How can we make Pennsylvania's outdoors even more open to all?

Every 5 years, Pennsylvania must complete a plan to remain eligible for federal land and water conservation funds. So Kennett Outdoors is very excited to one of about two dozen non-public community-based organizations to be invited to sit on the 52 person Technical Advisory Committee tasked with developing Pennsylvania's 2025-2030 Outdoor Recreation Plan. We began meeting last month, and will continue through the spring of 2025.

The planning process provides a unique opportunity to learn more about what is important to Pennsylvanians, and to use this information to shape our efforts going forward. The 2020-2024 State Outdoor Recreation Plan (found here) re-affirmed our love for outdoor activities from hiking to fishing, and gives us a glimpse into what is possible. It also highlighted some important benefits and important gaps that align with Kennett Outdoors' priorities. We are looking forward to drawing on our unique perspective on people with disabilities to help to shape the future of Pennsylvania's outdoors. Here are just some examples.

The first of five priorities to emerge from the 2020-2024 plan - promoting healthy living through outdoor connections - aligns perfectly with the priorities established by Kennett Outdoors. Our Healthy Outdoors and Outdoors Every Day can help get people to make a plan to get healthy, while our Fresh Air Self Care FOR ALL provides concrete guidance to those with disabilities interested in getting healthy outdoors through regular walks. We suspect that Pennsylvanians will need more programs on the ground like Fresh Air Self Care FOR ALL course to make real progress, and hope to learn where others have seen success through similar outreach.

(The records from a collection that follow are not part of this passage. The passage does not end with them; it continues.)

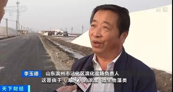 山東省濱州市沾化區(qū)濱化鹽場負(fù)責(zé)人 李玉德:由于海水的濃度、微生物藻類、光線強(qiáng)弱、水的深度,比如有的是20公分,有的是50公分,深度不一樣,所以從上面看起來,顏色也會有一定變化。
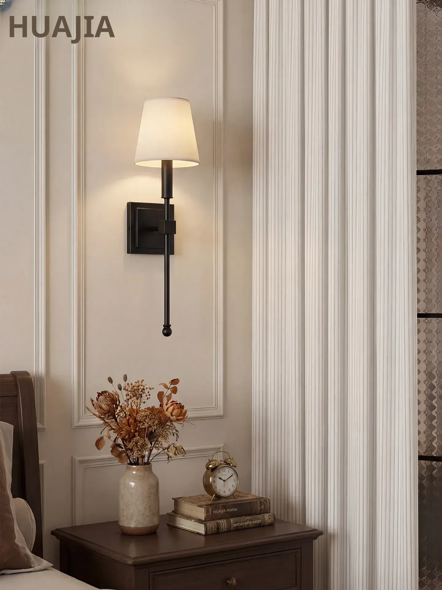 Designer French Vintage Wall Sconce - New Black Minimalist Bedroom Bedside Lamp, Retro Villa Corridor and Stair Light
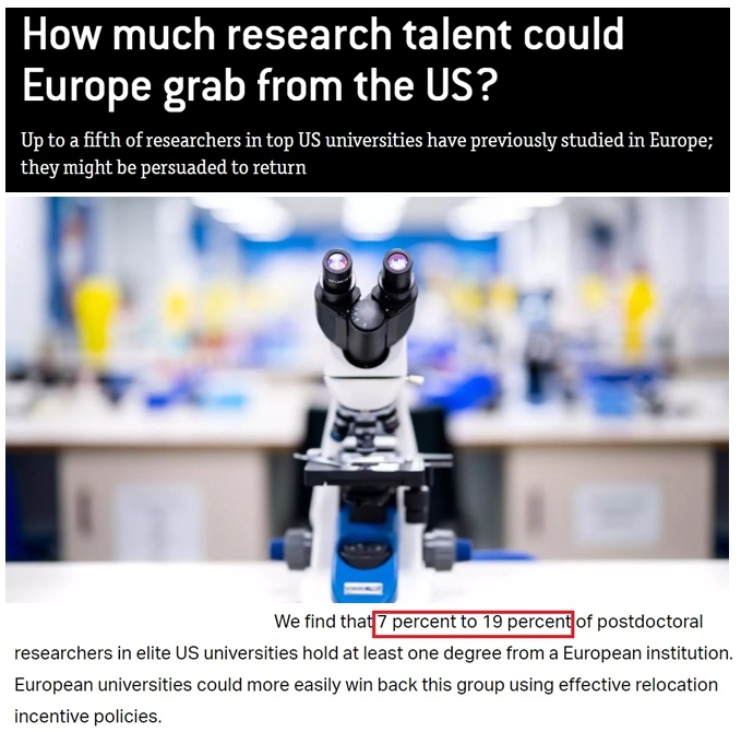 據(jù)歐洲知名智庫布魯蓋爾研究所分析,美國科研人員自身的教育背景可能成為他們未來選擇新工作場所的關(guān)鍵因素。
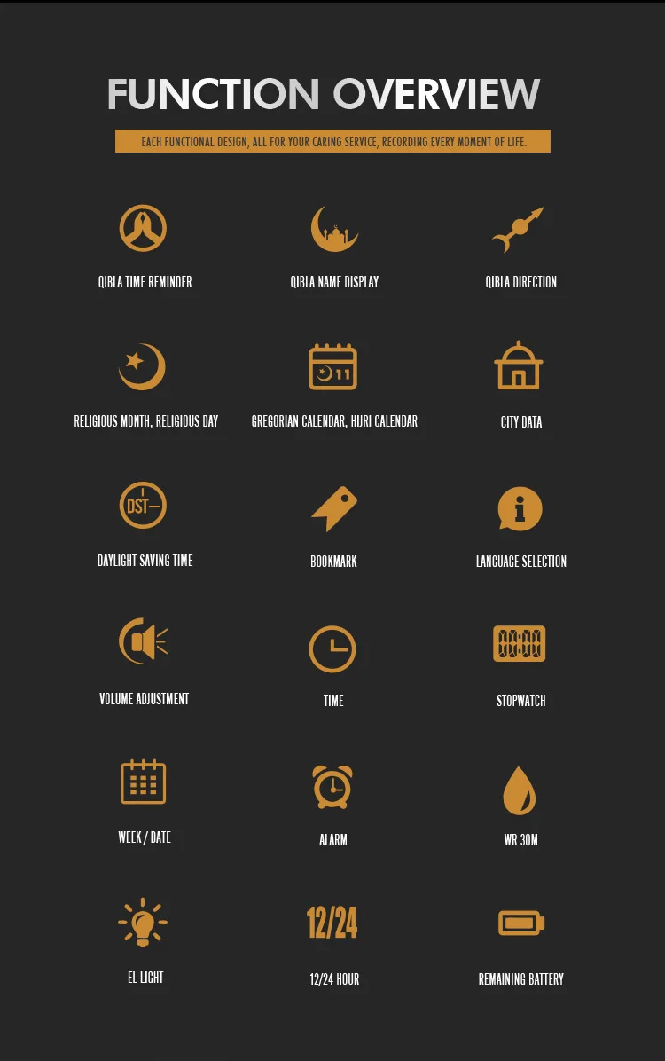 8.Function: Pilgrimage time reminder, Qibla name display, Qibla direction, Religious month, religious day, Gregorian calendar, Hijri calendar, City data, summer time, bookmark, language selection, volume adjustment, remaining battery, time, chrono, alarm, date, week, EL light, 12/24 hour clock
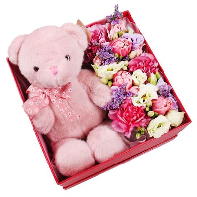 Купити Плюшевий подарунок з квітами з доставкою по Ювілейному (Запорізька обл., Україна)
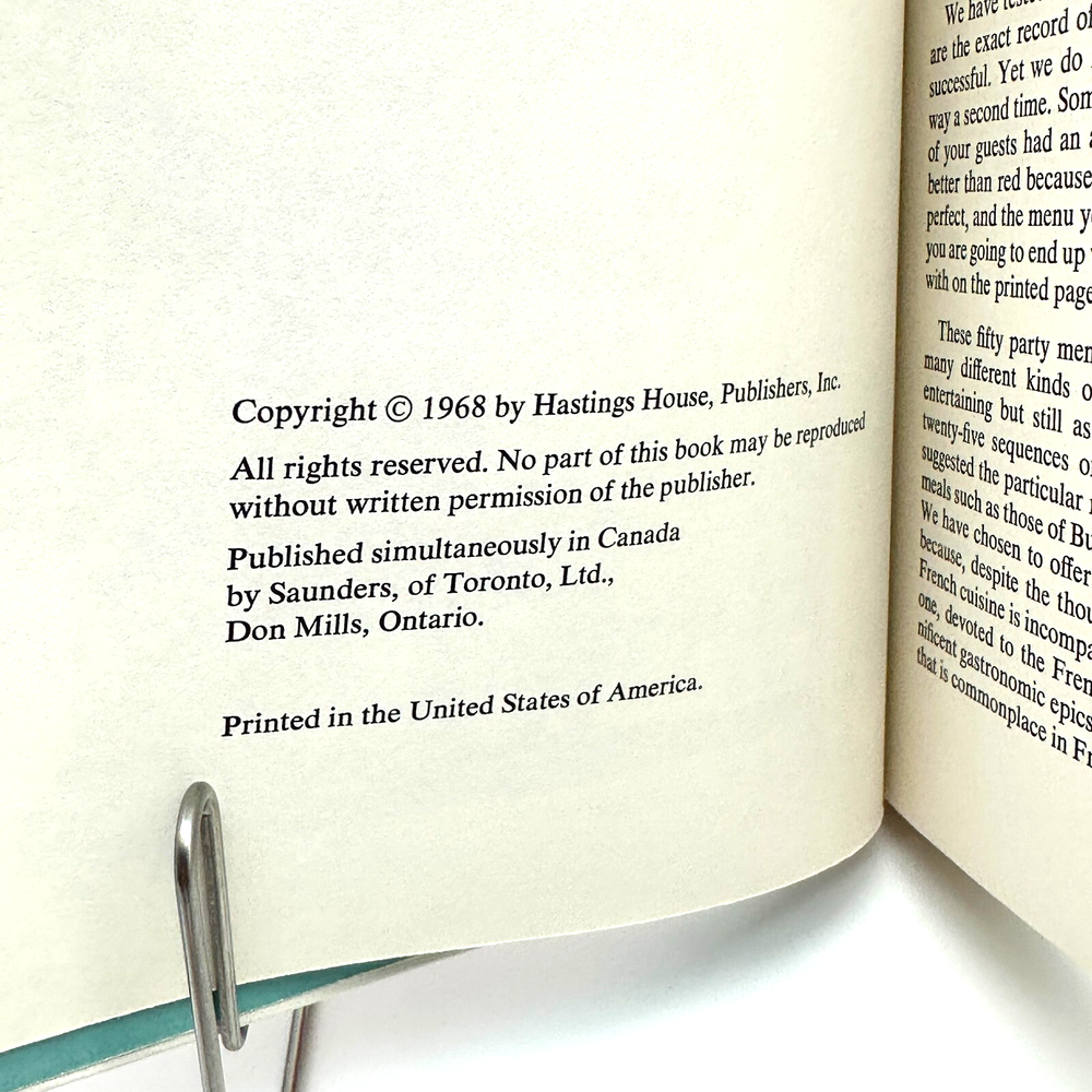 Step into the elegance of vintage French entertaining with French Menus for Parties (1968) by the Chamberlains. This first edition hardcover features curated menus, regional delicacies, and presentation tips for gatherings of four to twelve guests. Lavishly illustrated with black-and-white photographs, this mid-century gem blends charm with culinary tradition. A must-have for vintage cookbook lovers and Francophiles alike!

The second of five priorities from the previous plan - recreation for all - grew from the increasing awareness that Pennsylvania is increasingly diverse, and that access to outdoor facilities and programs varies significantly across Pennsylvania. We are glad to see that the previous plan recognized that diversity is diverse, extending beyond distinctions based on race and income to include age, ability, and sexual identity. Our work helping the Land Trust Alliance's to develop guidelines to make conservation more inclusive also benefited from this broader perspective. The 2020-2024 plan adopted some new and interesting approaches to capture some of the gaps - like mapping tools that assess specific gaps for underserved communities - that we think might will shed light on other gaps related to disability. For example, our survey of accessible trails in Chester County reveals important gaps in access to those trails more likely to offer real, year-round benefits. We also hope to explore how we can broaden our thinking about trail design to recognize the value of natural trails that just fall short of accessibility standards, and the potential to help guide people facing mobility challenges to build their capacity to enjoy a greater range of trails.

There are so many other elements addressed in the 2020-2025 plan that could be adapted for people with disabilities. We are excited that the previous plan looked beyond parks and preserves to see how active transportation networks also help to connect people with the outdoors, and will be eager to see the response to our efforts to break down barriers to active transportation by adapting electric cargo bikes for deliveries by people with disabilities. We are eager to explore how programs to help volunteers and the workforce be more inclusive might begin during the transition from high school, given the chronically high levels of unemployment and social isolation among adults with disabilities. Imagine a type of Works Progress Administration like that launched by Roosevelt but tailored to people with more significant disabilities and focused on environmental stewardship!!